The top tier captures the state of the product. A “product” on the board can represent a minimum viable product (MVP), minimum marketable feature (MVP), or a related sub-product. At any given time, a product can only be in one of the four stages. Each stage has clearly defined exit criteria (such as a number of interviews, learning goal, or a time box) which are captured on the product card.

For each product, you can run any number of experiments which are placed in a horizontal swimlane for the product. Each experiment has a clearly defined falsifiable hypothesis and optional time box constraint. An experiment goes through a Build/Measure/Learn cycle represented by similarly named columns on the board.

The build column represents the definition and setup stage of the experiment, which often involves things like coding, landing page design, mockups, interview script creation, etc.
The moment the experiment is shown to at least one customer, the card moves into the measurement stage.
Once sufficient data has been collected or the time box exceeded, the card is moved into the learning stage, where it is either marked validated or invalidated based on the criteria described in the falsifiable hypothesis.
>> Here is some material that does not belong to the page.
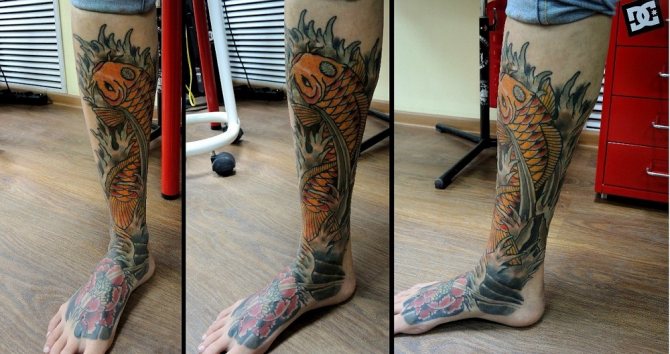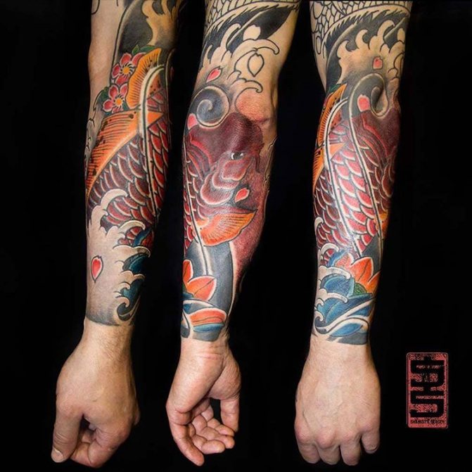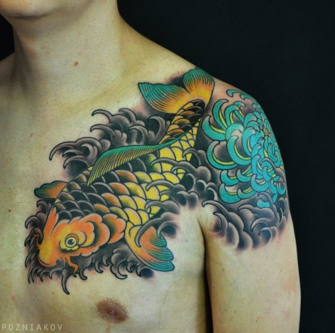 The meaning of the carp tattoo in the East has a positive meaning - for example, the Japanese are very supportive of the fish, as it is considered a symbol of longevity, prosperity, purposefulness. The fact that the carp is able to overcome impressive distances, even in a rough current. This is why in Japan and China it is considered to be an embodiment of masculinity - creative, purposeful and persistent.

That learning is then internalized to determine whether the stage exit criteria have been met. If it has, the product card moves to the next stage. Otherwise, more experiments are run.
What about tracking all the tasks within experiments?
While creating a third tier for tasks is conceptually possible, it’s generally best to avoid nesting beyond two levels as the board becomes too busy. Also, the measure of progress in a Lean Startup is learning, not building, which is another reason to keep the build details off this board.
We track our tasks on a separate task board (also Kanban) that is linked to experiments, but for now, I’m considering that board off-topic and out-of-scope.